Sergio destaca que o Brasil ocupa uma posição de destaque quando o assunto é produção agrícola e o modelo adotado no país para o setor está fortemente vinculado ao uso de agrotóxicos, considerando-se que a agricultura brasileira tem como padrão um desenvolvimento voltado a ganhos por produtividade. “Os impactos para o meio ambiente e para a saúde humana têm sido negligenciados, e a contaminação dos recursos naturais passa a ser uma realidade que ameaça a qualidade de vida das presentes e futuras gerações”, aponta.

De acordo com a proposta, a audiência pública deverá ser realizada no plenário da Câmara no dia 16 de agosto, a partir das 19h, sendo aberta à população e com transmissão pela TV Câmara e site oficial. Além de convocar o secretário de Meio Ambiente, Odair Dias, e um técnico municipal da vigilância em Saúde, serão convidados os doutores que discursaram na Tribuna Livre, antes da votação em segunda discussão do Projeto de Lei 53/2017. “Ambientalista até no nome, Ivan Carneiro Castanheiro, do Grupo de Atuação Especial de Defesa do Meio Ambiente (Gaema) do Ministério Público, veio defender nossa propositura. Ele deve voltar à Câmara Municipal para a  audiência pública que discutirá os impactos do método – https://goo.gl/GFQ6Ps. Precisei requerer o evento porque a maioria dos vereadores desta Casa decidiram adiar por 60 dias a votação do PL que proíbe essa prática. Não sei como, mas os parlamentares não foram convencidos com os argumentos do promotor de Justiça e da Dra. Larissa Mies Bombardi, que possui livros publicados na área de Geografia Humana sobre a implicação do uso de venenos no Brasil e problemas relacionados”, comenta Sergio.

“A pulverização aérea de agrotóxicos só interessa aos empresários”, afirmou o promotor, na sessão de ontem (22).
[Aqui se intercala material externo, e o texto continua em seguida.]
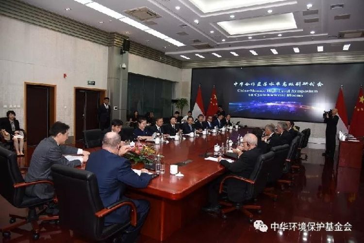 2018年9月7日,摩納哥元首阿爾貝二世親王參加在生態(tài)環(huán)境部衛(wèi)星環(huán)境應(yīng)用中心舉辦的“中摩合作藍(lán)藻水華高級別研討會”。圖片來自中華環(huán)保基金會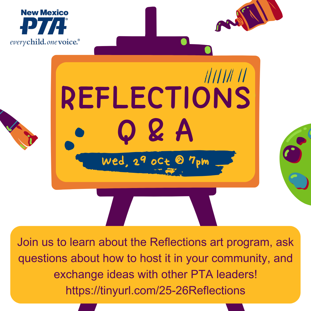 The mission of New Mexico PTA is to make every child's potential a reality by engaging and empowering families and communities to advocate for all children.

Ainda de acordo com ele, 1/3 do território americanense vem recebendo o ônus da aplicação de agroquímicos por aviões, na Fazenda Salto Grande. “Até a represa está sujeita à contaminação”, destacou o representante do Gaema, que também citou o risco de produtores de alimentos orgânicos da região perderem a certificação de seus produtos e morte de animais nas lavouras de cana-de-açúcar – com destaque para as abelhas, responsáveis pela polinização de 70% das culturas agrícolas e 85% das plantas com flores de nossas matas e florestas.

Segundo a geógrafa, a deriva decorrente da prática também tem elevado o número de casos de câncer e outras doenças em todo o Brasil. “Menos de 1% das plantas é efetivamente atingida por este método, que espalha venenos de maneira incontrolável, ao sabor do vento, podendo levá-los a até 32 quilômetros de distância do local pulverizado”, aponta o deputado estadual Padre Afonso Lobato (PV), autor de propositura semelhante, que proíbe a pulverização aérea de defensivos agrícolas no estado e a comercialização de agroquímicos, insumos e equipamentos destinados ao setor.

Também serão convidados para a audiência o Grupo de Proteção Ambiental (GPA) da Guarda Municipal, a Polícia Militar Ambiental, o Sindicato Nacional das Empresas de Aviação Agrícola (Sindag), o deputado Lobato, representantes do agronegócio, das usinas Ester e Furlan, do Assentamento Milton Santos (que produz orgânicos na região) e líderes comunitários do Sobrado Velho e Monte Verde – por onde os aviões pulverizadores de agrotóxicos sobrevoam.

O requerimento será discutido e votado pelos vereadores em Plenário, durante a sessão ordinária de quinta-feira (29).